Evaluation of a single dose of half strength inactivated influenza vaccine in healthy adults

Abstract

Because of delays in the manufacturing of the 2000-2001, trivalent inactivated influenza vaccine in the US, there were concerns that there might be shortages of vaccine supply in the US. Therefore, we conducted a prospective, randomized, open-label, multicenter trial at six academic medical centers in the US, to evaluate the immunogenicity of a half dose of inactivated vaccine in healthy adults. Healthy adults between the ages of 18 and 49 were randomized to receive either a full 0.5ml (15.5 microg of each HA antigen) dose or a 0.25ml (7.75 microg of each HA antigen) dose of the 2000-2001 trivalent inactivated influenza vaccine by intramuscular injection. Sera were obtained for assessment of hemagglutination-inhibiting antibody to each of the three strains contained in the vaccine before and 21 days after vaccination.
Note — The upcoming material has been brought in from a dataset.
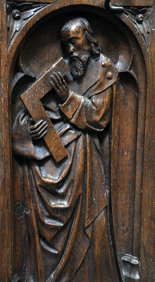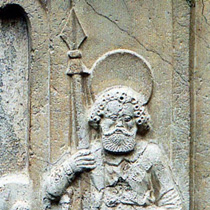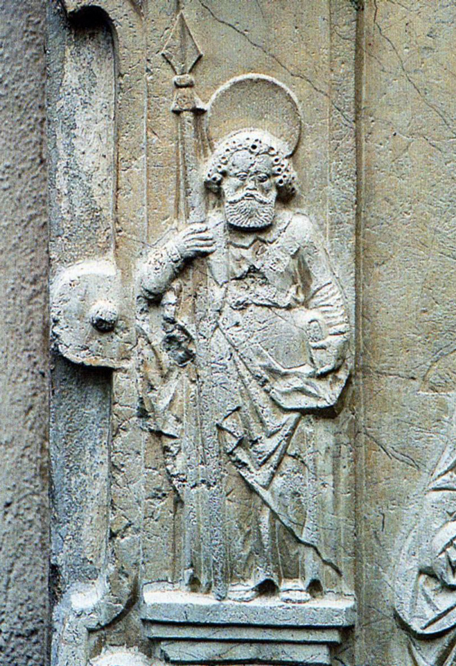 La lancia, nell’iconografia, rimanda sia allo strumento del suo martirio, sia a quella che trafisse il costato di Gesù che Tommaso pretese di “toccar con mano”.

The proportions of individuals achieving a post-vaccination titer of > or =1:40, the geometric mean titers (GMTs) of post-vaccination antibody, and the proportions of individuals with a four-fold or greater increase in antibody were lower for all three strains in those receiving 0.25ml of vaccine compared to those receiving 0.5ml. However, the differences were small for all three antigens. The upper 95% confidence limits for differences between 0.25 and 0.5ml doses were less than 20% for rates of achieving a titer of > or =1:40 and four-fold response, and less than 1.5 for the ratios of GMTs between dose groups, for all three vaccine antigens. These results suggest that when vaccine is in short supply, a strategy using a half dose in healthy adults could increase the number of people vaccinated with relatively little adverse impact on vaccine immunogenicity.